Activity: Before anything else, drop the pictures; then return exactly the lines from the top of the listing through the line with "Assiut University announces".

Dataset excerpts:
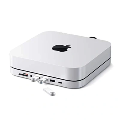 SATECHI USB C Hub Type Aluminum Stand & Data Port, Micro/SD Card Readers, 3.0 Headphone Jack Port For M2/ M1 Mac Mini, Studio, 2020 2018 Mini (Silver)
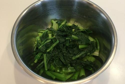 水気をしっかりと絞ったら、3cm幅に切る。小松菜をほぐしながらボウルに入れる。
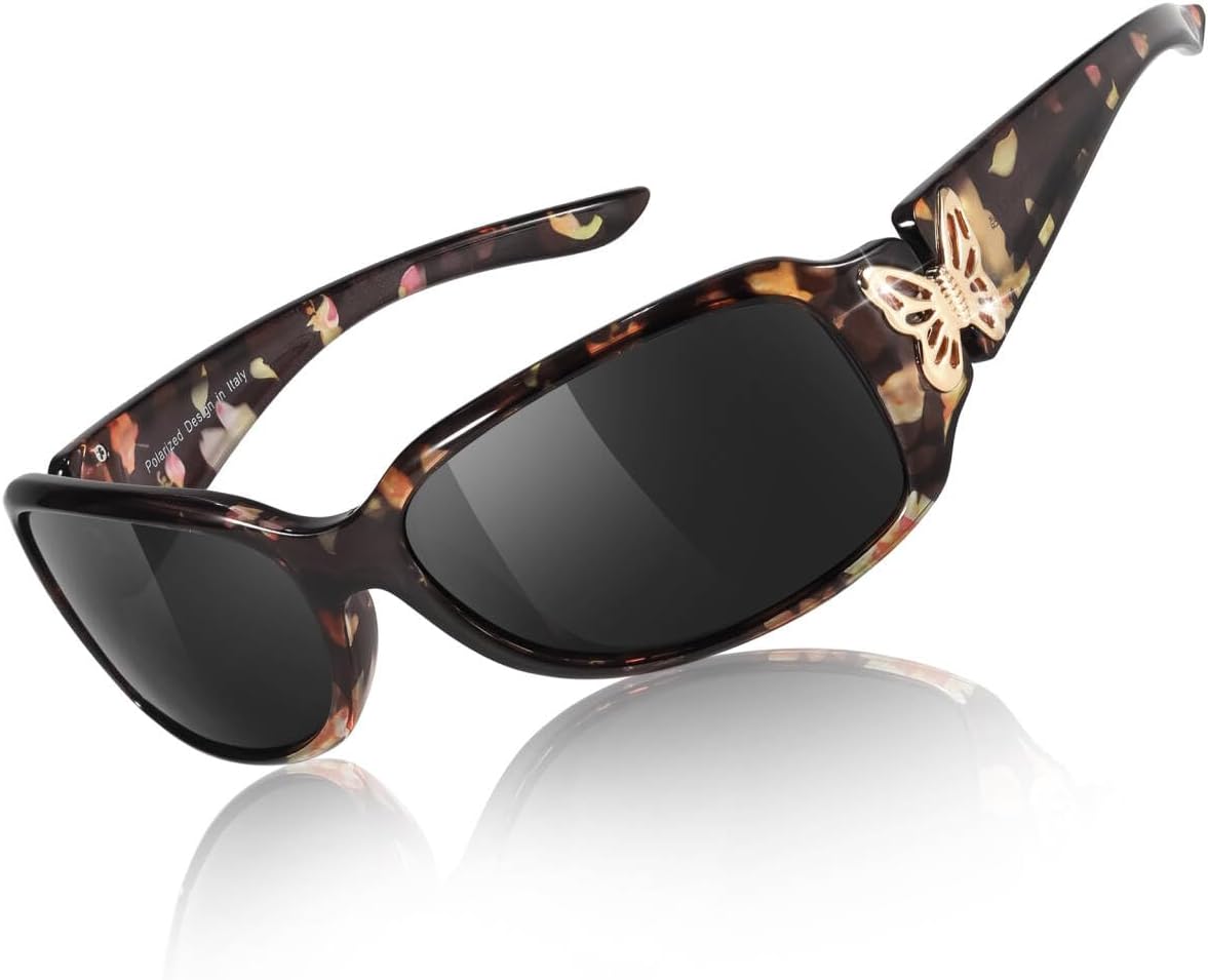 TJUTR Polarized Sunglasses for Women with Wrap Around Butterfly Design, Trendy Jackie-O Style for UV400 Protection
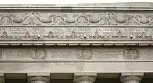 The neoclassical Lincoln Memorial in Washington was designed by Henry Bacon, Work started on 12 February 1914 and the work was dedicated on 30 May 1922. Bairstow undertook the carvings on the exterior of the monument, including eagles, festoons, wreathes and the states.[8] Bairstow began to carve the friezes and inscriptions of the monument as soon as the stone of the upper parts of the monument was in place.[9] On the main frieze, he carved the names of the states and the wreathes in place. He probably roughed out the garlands and eagles of the attic frieze in the workshop.[10]
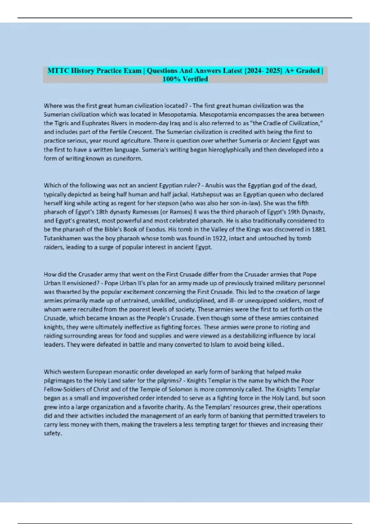 MTTC History Practice Exam | Questions And Answers
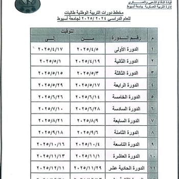 Assiut University announces the schedule of national education courses for female students for the academic year 2024/2025
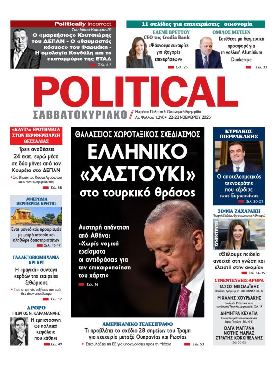 ΕφημερίδαPolitical 25.07.2425 Ιουλίου, 2024 Total 0 Shares Share 0 Tweet 0 Share 0 Share 0 Share 0 Share 0 Share 0 Share 0 Πατήστε το εικονίδιο και διαβάστε την εφημερίδα σε μορφή PDF Total 1 Shares Share 0 Tweet 0 Pin it 1 Προηγούμενο άρθρο Εφημερίδα Political 24.07.24 24 Ιουλίου, 2024 Δείτε περισσότερα Επόμενο άρθρο Εφημερίδα Political 26.07.24 26 Ιουλίου, 2024 Δείτε περισσότερα Εγγραφή ΕΓΓΡΑΦΕΙΤΕ ΣΤΟ NEWSLETTER ΜΑΣ Subscribe ΕΠΙΛΕΓΟΝΤΑΣ ΑΥΤΟ ΤΟ ΠΛΑΙΣΙΟ, ΕΠΙΒΕΒΑΙΩΝΕΤΕ ΟΤΙ ΕΧΕΤΕ ΔΙΑΒΑΣΕΙ ΚΑΙ ΑΠΟΔΕΧΕΣΤΕ ΤΟΥΣ ΟΡΟΥΣ ΧΡΗΣΗΣ ΜΑΣ ΣΧΕΤΙΚΑ ΜΕ ΤΗΝ ΑΠΟΘΗΚΕΥΣΗ ΤΩΝ ΔΕΔΟΜΕΝΩΝ ΠΟΥ ΥΠΟΒΑΛΛΟΝΤΑΙ ΜΕΣΩ ΑΥΤΗΣ ΤΗΣ ΦΟΡΜΑΣ. Σύμφωνα με τον Κανονισμό ΕΕ 2016/679 του Ευρωπαϊκού Κοινοβουλίου {Γενικός Κανονισμός Προστασίας Προσωπικών Δεδομένων (GDPR)} που έχει τεθεί σε ισχύ από τις 25 Μαΐου 2018, και του Ν.4624/2019 που έχει τεθεί σε ισχύ από 29/8/2019, απαιτείται η συγκατάθεσή σας για να μετέχετε στην επικοινωνία με την παρούσα διεύθυνση ηλεκτρονικού ταχυδρομείου ή το κινητό σας τηλέφωνο. Σε περίπτωση που δεν επιθυμείτε να λαμβάνετε μηνύματα και ενημερώσεις από την παρούσα ηλεκτρονική διεύθυνση ή/και δεν επιθυμείτε να τηρούμε αρχείο της διεύθυνσης ηλεκτρονικού ταχυδρομείου ή και του αριθμού του κινητού σας τηλεφώνου, μπορείτε να ασκήσετε τα δικαιώματά σας βάσει του άρθρου 13,παρ.2, του Κανονισμού ΕΕ 2016/679 και να διαγραφείτε κάνοντας κλικ στο link που ακολουθεί. Σας ενημερώνουμε επίσης ότι η διεύθυνση ηλεκτρονικού σας ταχυδρομείου ή το κινητό σας τηλέφωνο, παραμένουν απόρρητα και δεν γνωστοποιούνται σε τρίτους. Εάν λάβατε το μήνυμα αυτό κατά λάθος, παρακαλούμε δεχθείτε τις απολογίες μας για την ενόχληση. Δείτε επίσης... Δείτε περισσότερα Political 22.11.25 22 Νοεμβρίου, 2025 Δείτε περισσότερα Political 21.11.25 21 Νοεμβρίου, 2025 Δείτε περισσότερα Political 20.11.25 20 Νοεμβρίου, 2025 Δείτε περισσότερα Political 19.11.25 19 Νοεμβρίου, 2025 Δείτε περισσότερα Political 18.11.25 18 Νοεμβρίου, 2025 Δείτε περισσότερα Political 17.11.25 17 Νοεμβρίου, 2025 Δείτε περισσότερα Political 15.11.25 15 Νοεμβρίου, 2025 Δείτε περισσότερα Political 14.11.25 14 Νοεμβρίου, 2025
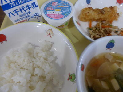 牛乳はカルシウムが豊富 で骨 を強 くする働 きがあります。またカルシウムは身長 をのばすためにはかかせない栄養素 です。牛乳は「これからおなかにたべものがはいりますよ!」の合図といていただきますの後に一口飲むのがおすすめです!ぜひきょうからチャレンジしてみてください!
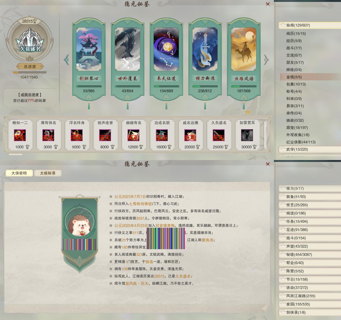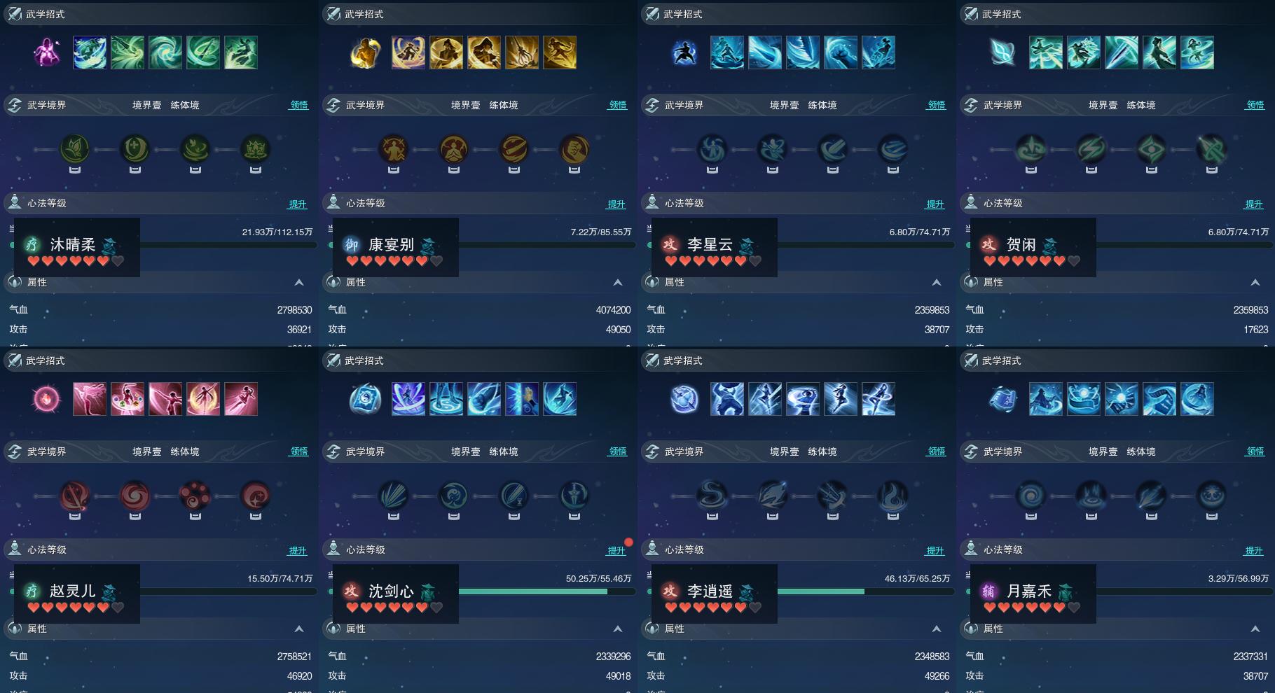 【同伴】沐晴柔85级境界壹,康宴别83级境界壹,李星云82级境界壹,贺闲意82级境界壹,赵灵儿82级境界壹,沈剑心81级境界壹,李逍遥81级境界壹,月嘉禾80级境界壹
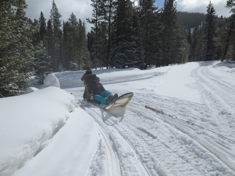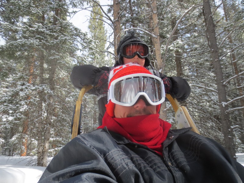 We woke up to several inches of snow on Monday, March 31. A winter storm had passed overnight and there was some fresh powder to play in today. Since we had been snowboarding all day yesterday, we wanted to change things up a bit. The family got ready for the day and headed south to Breckenridge. The roads had snow on them, so we were cautious and allowed extra travel time. Our first stop for the day was Good Times Adventures.
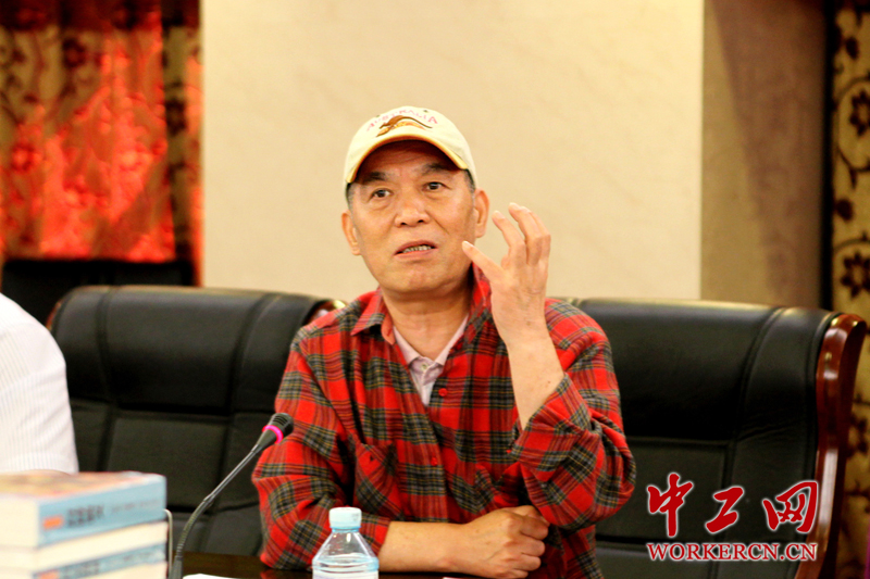 《单田芳自选集》由单田芳先生独家授予中国工人出版社出版,此次出版共十种15册,分别为《封神演义》、《隋唐演义》(上下册)、《大唐惊雷》、《三侠五义》《上下册》、《说岳后传》、《大明演义》(上中下册)、《明末遗恨》《努尔哈赤》《太平天国》《清末风云》(上下册)。图为著名作家、北京语言大学人文学院教授梁晓声在座谈会上发言。 中工网记者 李雪峰 摄

Solution to the exercise:
 SATECHI USB C Hub Type Aluminum Stand & Data Port, Micro/SD Card Readers, 3.0 Headphone Jack Port For M2/ M1 Mac Mini, Studio, 2020 2018 Mini (Silver)
 水気をしっかりと絞ったら、3cm幅に切る。小松菜をほぐしながらボウルに入れる。
 TJUTR Polarized Sunglasses for Women with Wrap Around Butterfly Design, Trendy Jackie-O Style for UV400 Protection
 The neoclassical Lincoln Memorial in Washington was designed by Henry Bacon, Work started on 12 February 1914 and the work was dedicated on 30 May 1922. Bairstow undertook the carvings on the exterior of the monument, including eagles, festoons, wreathes and the states.[8] Bairstow began to carve the friezes and inscriptions of the monument as soon as the stone of the upper parts of the monument was in place.[9] On the main frieze, he carved the names of the states and the wreathes in place. He probably roughed out the garlands and eagles of the attic frieze in the workshop.[10]
 MTTC History Practice Exam | Questions And Answers
 Assiut University announces the schedule of national education courses for female students for the academic year 2024/2025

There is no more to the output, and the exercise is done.